The OSS (which morphed into the CIA) trained Giap and Ho Chi Minh during WWII.  Its presence really never left Vietnam.  I went to a campus lecture a long time ago....late 80s?...in which there was a panel discussion of the CIA in VN; the panelists included a couple former CIA employees that essentially lived in VN from 1948-1972.


----------



## Devildoc (Apr 5, 2016)

Freefalling said:


> double tap....


----------



## AWP (Apr 5, 2016)

Devildoc said:


> I have it along side of_ Hell in a Very Small Place_ by Bernard Fall.
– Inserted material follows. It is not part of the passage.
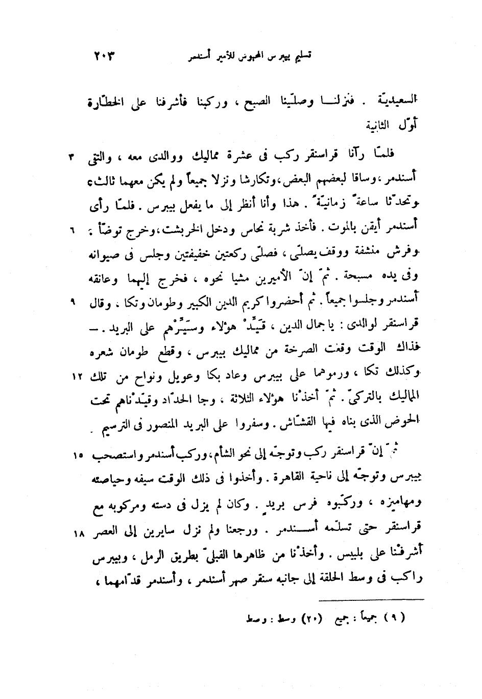 فلمّا رآنا قراسنقر ركب فى عشرة مماليك ووالدى معه، والتقى أسندمر، وساقا لبعضهم البعض، وتكارشا ونزلا جميعا ولم يكن معهما ثالث، وتحدّثا ساعة زمانيّة. هذا وأنا أنظر إلى ما يفعل بيبرس. فلمّا رأى أسندمر أيقن بالموت. فأخذ شربة نحاس ودخل الخربشت، وخرج توضّأ، وفرش منشفة ووقف يصلّى، فصلّى ركعتين خفيفتين وجلس فى صيوانه وفى يده مسبحة. ثمّ إنّ الأميرين مشيا نحوه، فخرج إليهما وعانقه أسندمر وجلسوا جميعا (9). ثم أحضروا كريم الدين الكبير وطومان وتكا، وقال قراسنقر لوالدى: يا جمال الدين، قيّد هؤلاء وسيّرهم على البريد. - فذاك الوقت وقعت الصرخة من مماليك بيبرس، وقطع طومان شعره وكذلك تكا، ورموهما على بيبرس وعاد بكا وعويل ونواح من تلك المماليك بالتركىّ. ثمّ أخذنا هؤلاء الثلاثة، وجاء الحدّاد وقيّدناهم تحت الحوض الذى بناه فيها القشّاش. وسفروا على البريد المنصور فى الترسيم.

You could read the book in my link and Street Without Joy and call it a day on the French experience in Vietnam. Seriously. The sad thing is this knowledge was available to our policy makers and they committed us to that place. We had a roadmap to failure and basically followed it to a T.


----------



## Devildoc (Apr 5, 2016)

A lot of American politicians and policy-makers did not appreciate Fall's writings.  They felt he was too sympathetic to the North Vietnamese and anti-American.  He was, however, one of the most prolific writers about both the French and American wars in VN.  If I was a fancy-pants academic and could teach a class on the Vietnam war, his books would be on the reading list.


----------



## Gunz (Apr 6, 2016)

We thought our money and firepower would make a difference.


----------